● EXERCISE INSTRUCTIONS:
What you return should be the entries, unchanged, without their pictures.

= = = = = = =

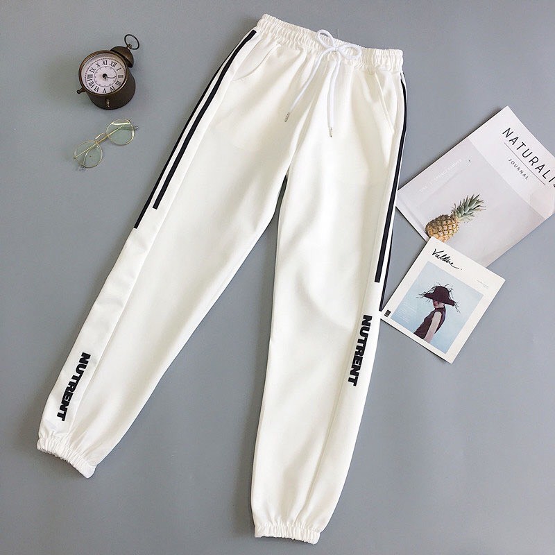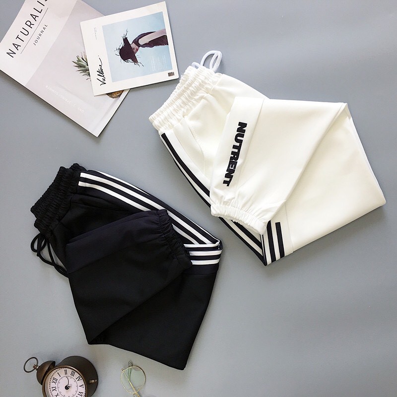 รุ่น-908-กางเกงขายาว เอวยางยืด แต่งแถบข้าง มีกระเป๋าข้าง ผ้านุ่มใส่สบายสไตล์เกาหลี
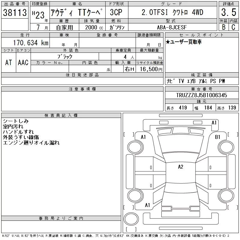 Audi TT с аукциона Японии CAA Tokyo лот № 38113
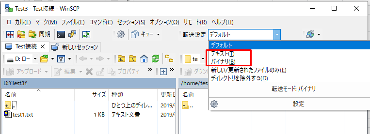 注意:転送モードのテキストとバイナリの違い
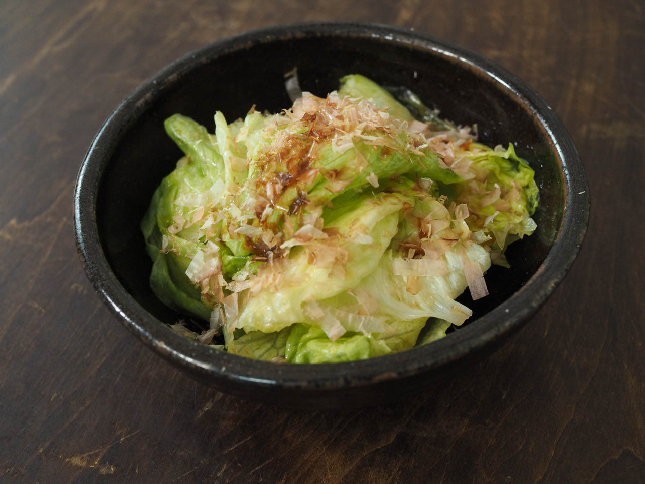 • 器に出し、鰹節をかけ、お好みでさらに醤油をかける。
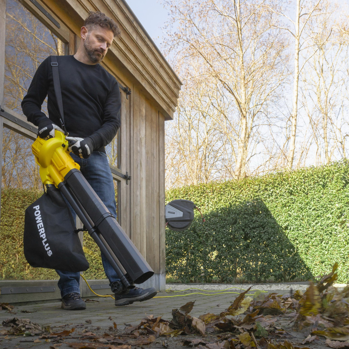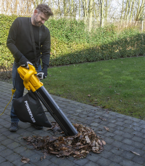 Výkonný elektrický vysavač, foukač listí POWEG4030 od Powerplus pro rychlý a efektivní úklid zahrady. S výkonem motoru 3300 W, rychlostí vzduchu 250 km/h a průtokem vzduchu 10 m³/min snadno odstraníte volné listí a další zahradní nečistoty.
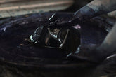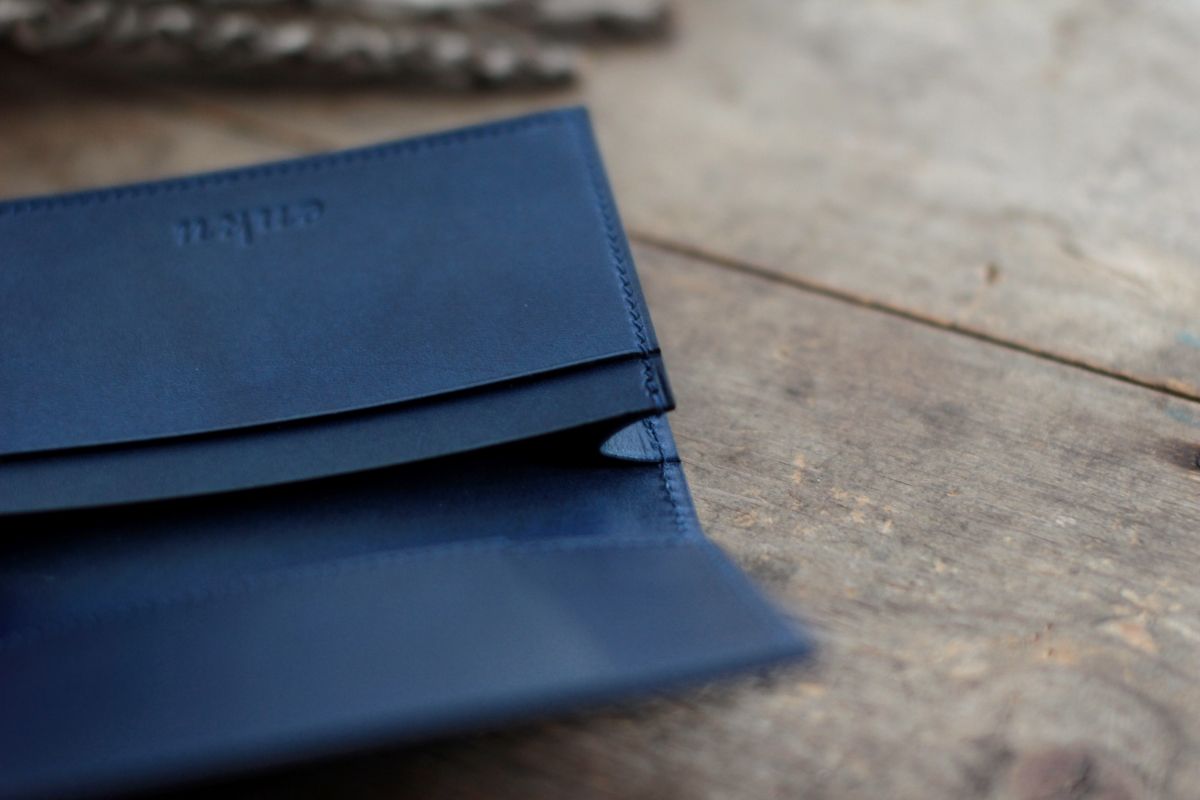 It is indigo-dyed leather that has been polished on the surface to give it an elegant luster and feel.
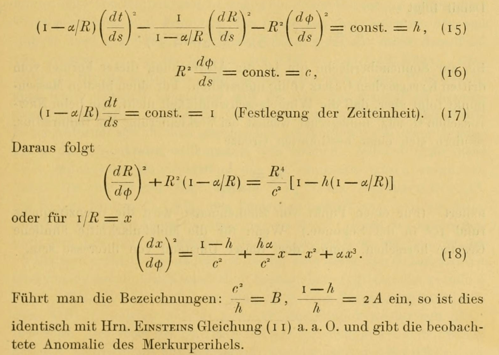 In the same paper, Schwarzschild used his exact solution to find the exact equation that described the precession of the perihelion of Mercury that Einstein had only calculated approximately. The dynamical equations for Mercury are shown in Fig. 8.

= = = = = = =

● RESPONSE BELOW:
 รุ่น-908-กางเกงขายาว เอวยางยืด แต่งแถบข้าง มีกระเป๋าข้าง ผ้านุ่มใส่สบายสไตล์เกาหลี
 Audi TT с аукциона Японии CAA Tokyo лот № 38113
 注意:転送モードのテキストとバイナリの違い
 • 器に出し、鰹節をかけ、お好みでさらに醤油をかける。
 Výkonný elektrický vysavač, foukač listí POWEG4030 od Powerplus pro rychlý a efektivní úklid zahrady. S výkonem motoru 3300 W, rychlostí vzduchu 250 km/h a průtokem vzduchu 10 m³/min snadno odstraníte volné listí a další zahradní nečistoty.
 It is indigo-dyed leather that has been polished on the surface to give it an elegant luster and feel.
 In the same paper, Schwarzschild used his exact solution to find the exact equation that described the precession of the perihelion of Mercury that Einstein had only calculated approximately. The dynamical equations for Mercury are shown in Fig. 8.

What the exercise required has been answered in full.